Guided Reflection Questions
1. How did the scenario make you feel?
Not really knowing what to expect from this scenario made me a little nervous. I have
gained quite a bit of confidence throughout each simulation though and was confident
that I could systematically work through the process and have a successful outcome.
2. Discuss your use of adjunct oxygen therapy for this patient, including why you chose
a particular oxygen device, rate, and flow.
The physician orders stated continuous oxygen for the patient to maintain a 02
saturation of 92% or more. I placed the pulse oximeter on the patient and his O2
saturation was 95%. As the patient’s oxygen saturation was only slightly decreased from
normal and above 92%, I chose to apply a nasal cannula versus a mask. The average
oxygen flow via nasal cannula is 1 – 6 L/min. Only needing to maintain the patient’s
current oxygen level meant he would not require a high oxygen flow rate.
3. Discuss Vernon Watkins’ arterial blood gas (ABG) analysis result and explain what
caused this result.
Mr. Watkins’ arterial blood gas analysis showed the follow abnormal results: pH was
elevated at 7.50, HCO3- was low at 20.9, PCO2 was low at 25, PO2 was low at 68, and
SaO2 was low at 92.
A pH level of 7.50 showed a state of alkalosis.
A decreased HCO3- showed a state of
acidosis.
A PCO2 of 25 indicated the cause of the patients’ issue was respiratory.
His PO2 and SaO2 both being low were further indications of a respiratory issue.
Mr.

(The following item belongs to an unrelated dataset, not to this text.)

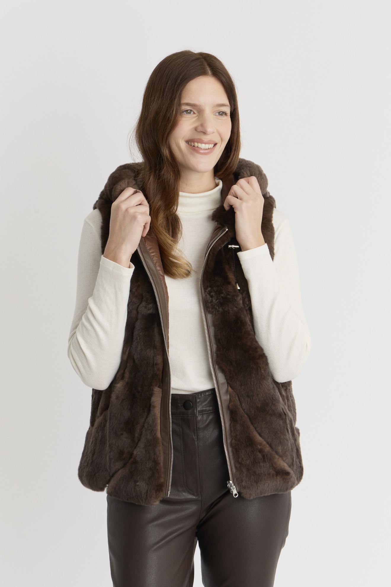 Découvrez le modèle BLEUET de chez Giorgio & Mario, un gilet sans manches en fourrure de lapin Rex à capuche qui allie élégance et confort.
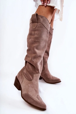 Zamszowe Kozaki Kowbojki Lewski Shoes 3198 Cappucino

Watkins had respiratory alkalosis brought on by hyperventilation, as indicated by his
increased respiratory rate of 24 breaths per minute, causing his lungs to blow off more
carbon dioxide that his body had available. The hyperventilation was caused by
hypoxemia, indicated by his declining O2 saturation throughout the simulation. Both
conditions were the result of the pulmonary embolism he was experiencing.

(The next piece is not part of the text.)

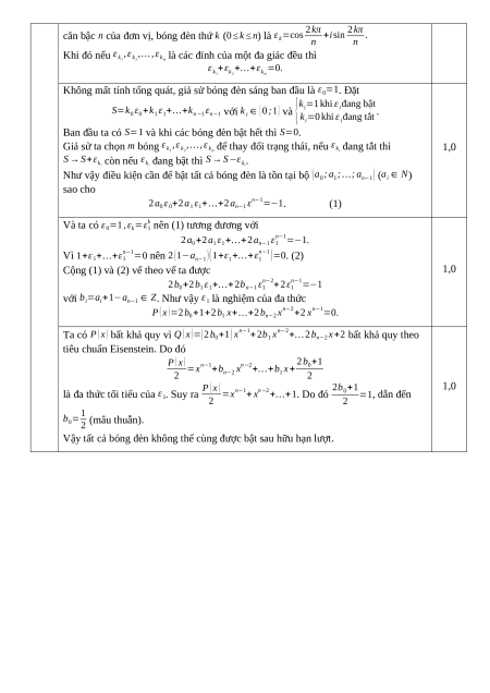 Câu 5 (4,0 điểm). Tại mỗi đỉnh của một đa giác đều n cạnh (n>2) người ta đặt một bóng đèn. Ban

4. Discuss the use of a heparin nomogram (guideline for heparin titration) and
safety related to this intervention.
A heparin nomogram is a guideline nurses use for heparin therapy and titration. The first
step is for the doctor to determine if the indication for the use of heparin justifies a
gradual or rapid heparin nomogram. Based on the patient’s chest CT scan showing a PE,
the patient would meet the criteria for the rapid infusion. According to the protocol for
rapid infusion, the bolus dose is 80 units/kg and the initial infusion rate is 18 units/kg/hr.